Below are records to transcribe exactly, without their pictures.

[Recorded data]
──────────────────────────────

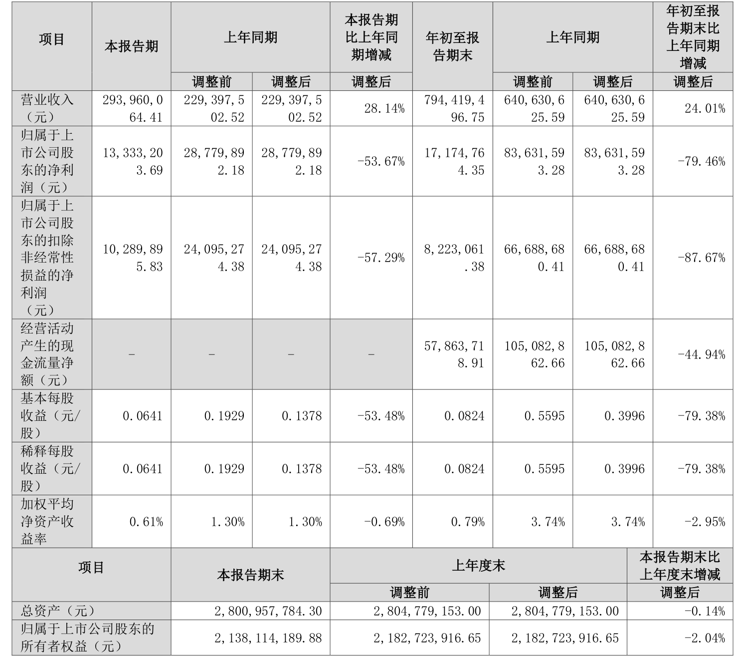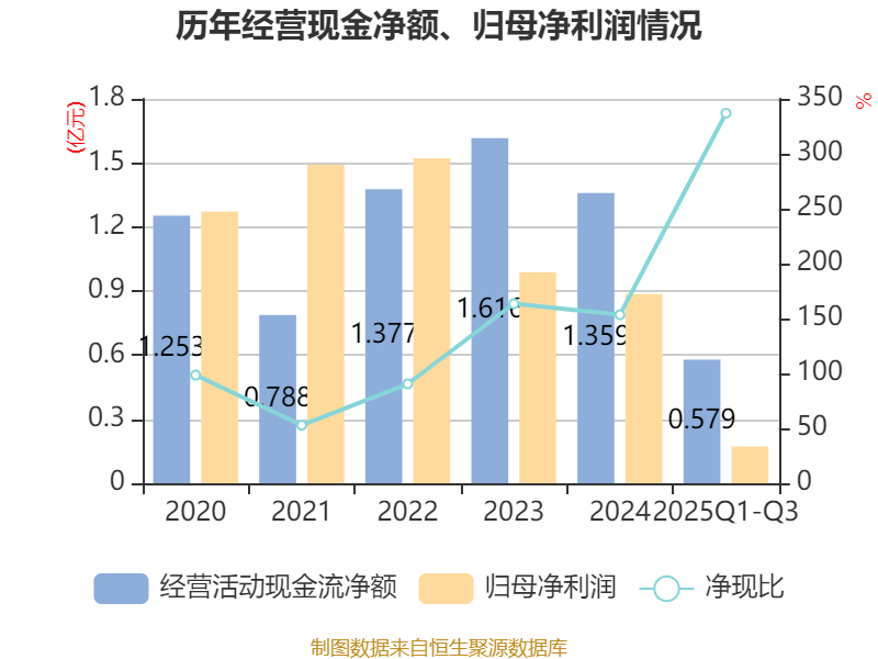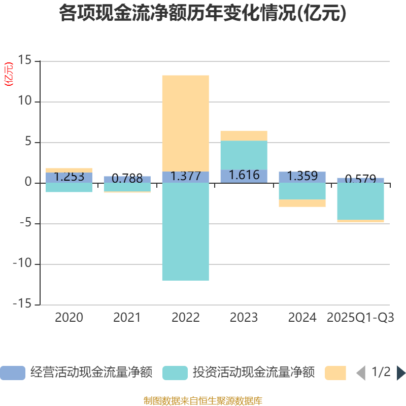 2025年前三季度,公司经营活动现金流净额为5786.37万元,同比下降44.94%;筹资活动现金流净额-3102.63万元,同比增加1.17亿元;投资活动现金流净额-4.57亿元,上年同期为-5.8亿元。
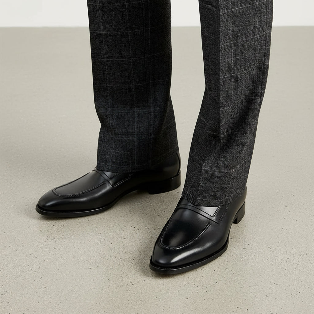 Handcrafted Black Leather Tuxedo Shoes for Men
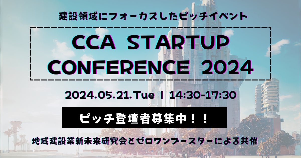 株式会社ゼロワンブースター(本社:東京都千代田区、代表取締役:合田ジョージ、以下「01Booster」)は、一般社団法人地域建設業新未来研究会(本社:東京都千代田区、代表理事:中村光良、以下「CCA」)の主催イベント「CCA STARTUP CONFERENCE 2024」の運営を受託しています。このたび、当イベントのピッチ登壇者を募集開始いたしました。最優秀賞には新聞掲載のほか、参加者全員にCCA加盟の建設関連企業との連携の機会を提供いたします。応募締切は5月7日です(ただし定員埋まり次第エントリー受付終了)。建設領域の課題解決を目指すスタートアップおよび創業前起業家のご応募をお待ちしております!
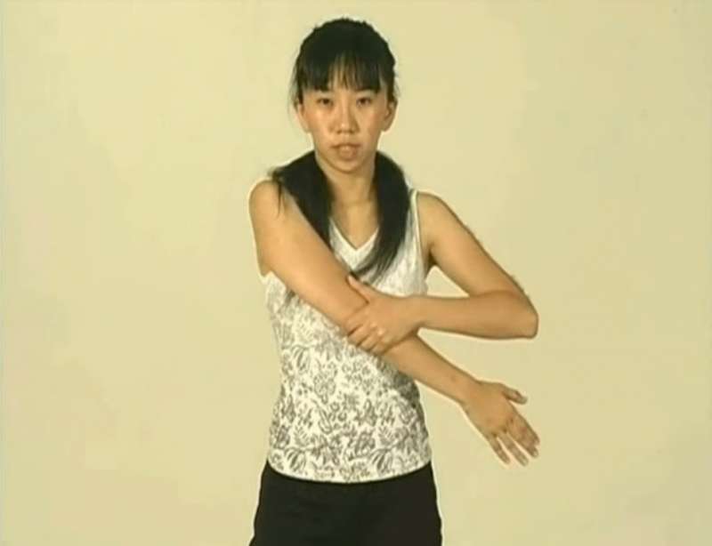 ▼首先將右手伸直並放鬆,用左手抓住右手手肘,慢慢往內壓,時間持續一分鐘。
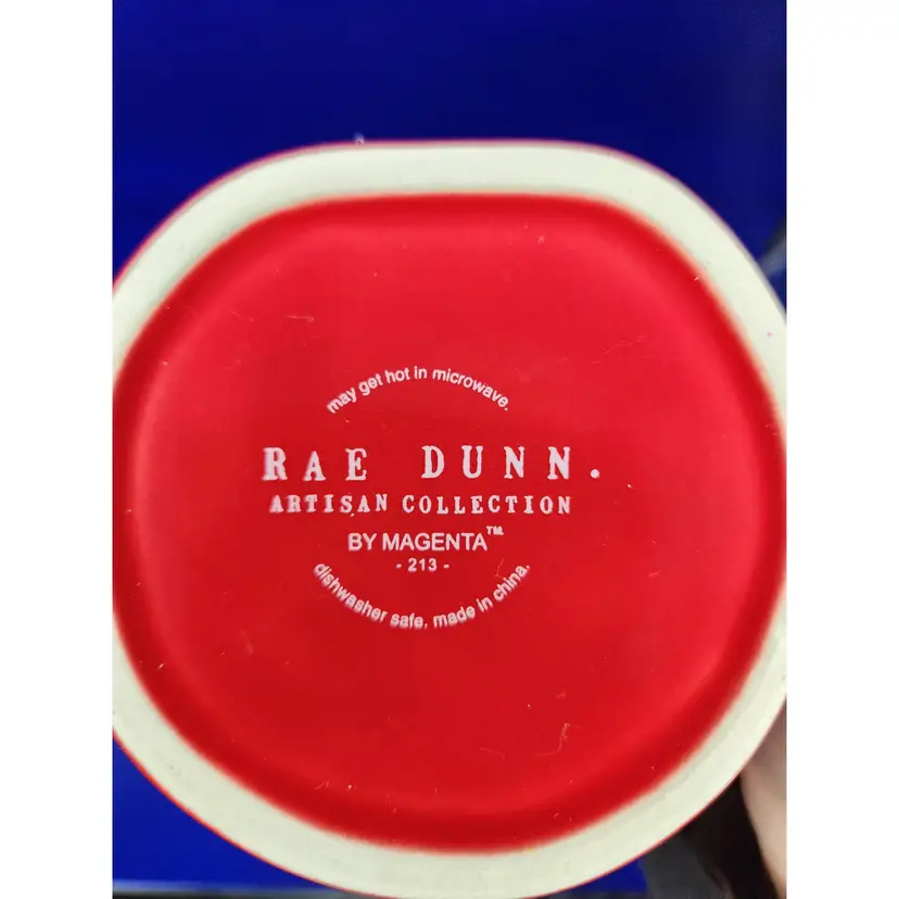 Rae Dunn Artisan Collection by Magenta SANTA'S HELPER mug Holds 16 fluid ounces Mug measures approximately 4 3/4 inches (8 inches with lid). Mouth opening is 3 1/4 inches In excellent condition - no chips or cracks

──────────────────────────────

(Solution to the exercise)
 2025年前三季度,公司经营活动现金流净额为5786.37万元,同比下降44.94%;筹资活动现金流净额-3102.63万元,同比增加1.17亿元;投资活动现金流净额-4.57亿元,上年同期为-5.8亿元。
 Handcrafted Black Leather Tuxedo Shoes for Men
 株式会社ゼロワンブースター(本社:東京都千代田区、代表取締役:合田ジョージ、以下「01Booster」)は、一般社団法人地域建設業新未来研究会(本社:東京都千代田区、代表理事:中村光良、以下「CCA」)の主催イベント「CCA STARTUP CONFERENCE 2024」の運営を受託しています。このたび、当イベントのピッチ登壇者を募集開始いたしました。最優秀賞には新聞掲載のほか、参加者全員にCCA加盟の建設関連企業との連携の機会を提供いたします。応募締切は5月7日です(ただし定員埋まり次第エントリー受付終了)。建設領域の課題解決を目指すスタートアップおよび創業前起業家のご応募をお待ちしております!
 ▼首先將右手伸直並放鬆,用左手抓住右手手肘,慢慢往內壓,時間持續一分鐘。
 Rae Dunn Artisan Collection by Magenta SANTA'S HELPER mug Holds 16 fluid ounces Mug measures approximately 4 3/4 inches (8 inches with lid). Mouth opening is 3 1/4 inches In excellent condition - no chips or cracks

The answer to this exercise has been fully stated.